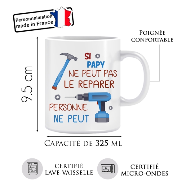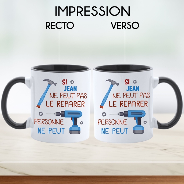Offrez une touche d'humour à votre bricoleur préféré avec notre tasse personnalisable : "Si [Prénom] ne peut pas le réparer, personne ne peut". Un cadeau unique à personnaliser avec le prénom de votre choix, idéal pour un anniversaire, la fête des pères ou toute autre occasion. Compatible lave-vaisselle et micro-ondes, cette tasse allie praticité et originalité !
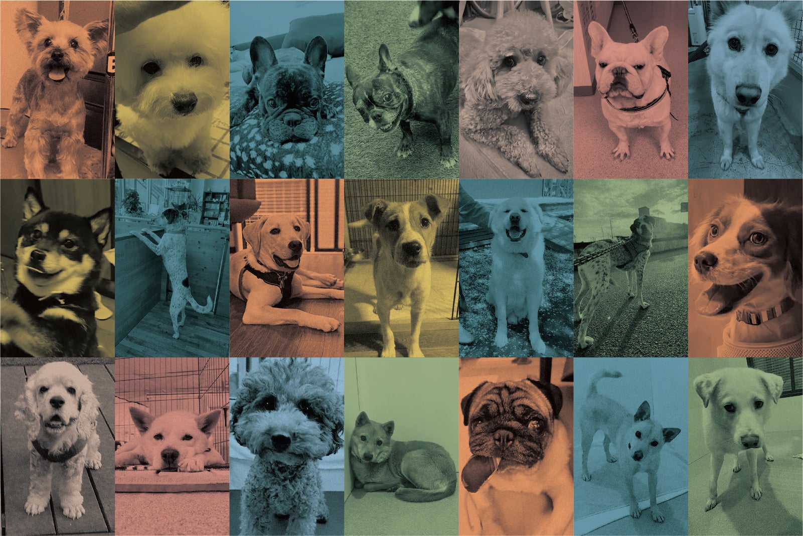 一面にプリントされた個性豊かな犬たちのインパクトは、見た人の印象に残るはず。
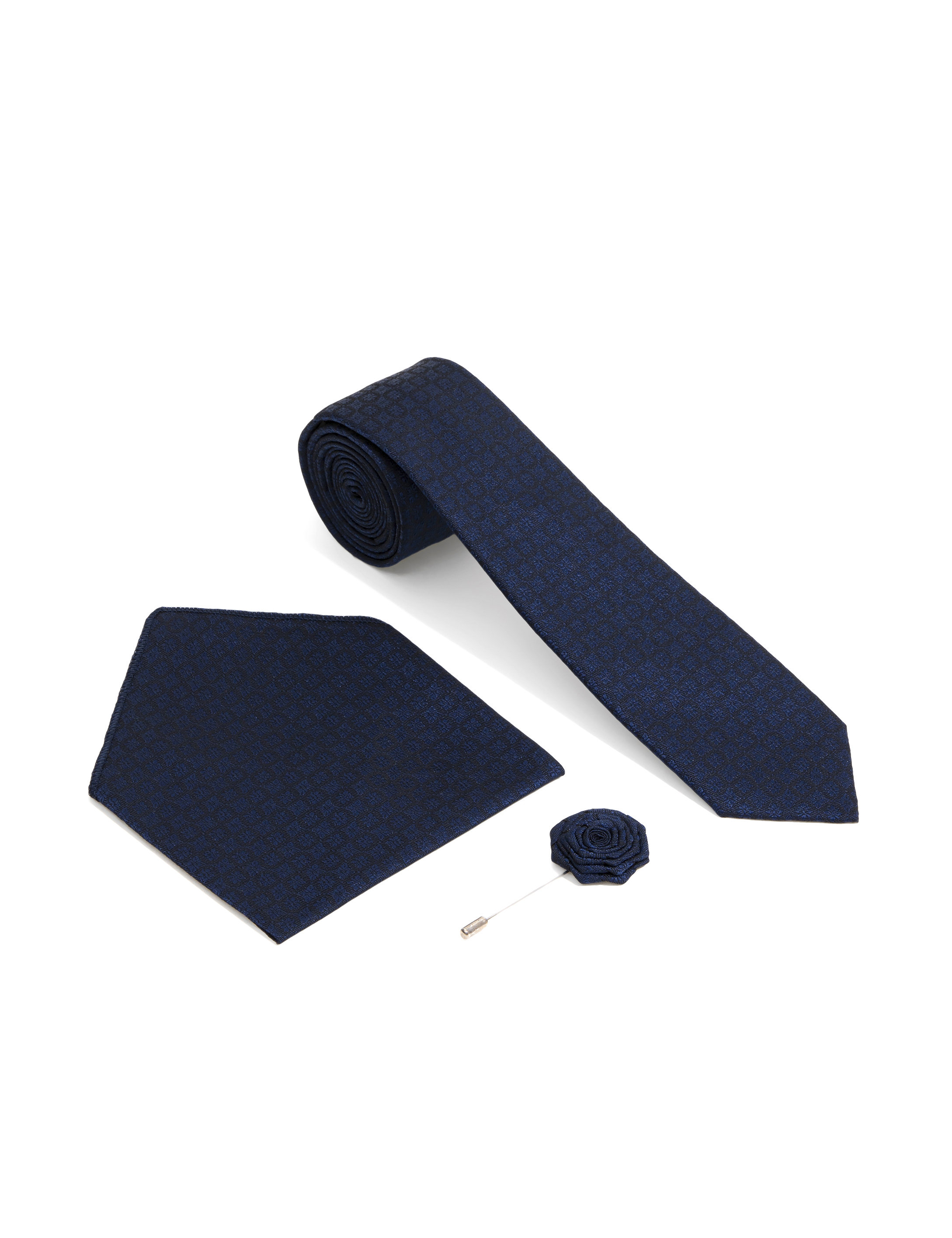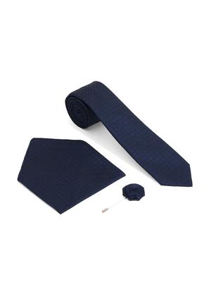 Lacivert 3'lü Kravat-Mendil-Kravat İğnesi Set
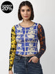 Forever 21 Women's Purple Multi Long Sleeve Crop Top
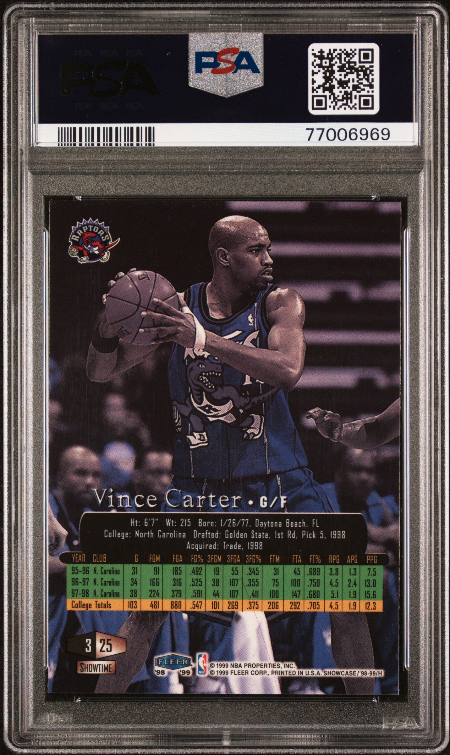 You are purchasing a 1998 Flair Showcase Vince Carter #25 Row 3 PSA 9. You will receive the exact item... Read more
============
What is being asked. An exact copy of every entry, pictures left out, is what to write here.

Exercise output.
Offrez une touche d'humour à votre bricoleur préféré avec notre tasse personnalisable : "Si [Prénom] ne peut pas le réparer, personne ne peut". Un cadeau unique à personnaliser avec le prénom de votre choix, idéal pour un anniversaire, la fête des pères ou toute autre occasion. Compatible lave-vaisselle et micro-ondes, cette tasse allie praticité et originalité !
 一面にプリントされた個性豊かな犬たちのインパクトは、見た人の印象に残るはず。
 Lacivert 3'lü Kravat-Mendil-Kravat İğnesi Set
 Forever 21 Women's Purple Multi Long Sleeve Crop Top
 You are purchasing a 1998 Flair Showcase Vince Carter #25 Row 3 PSA 9. You will receive the exact item... Read more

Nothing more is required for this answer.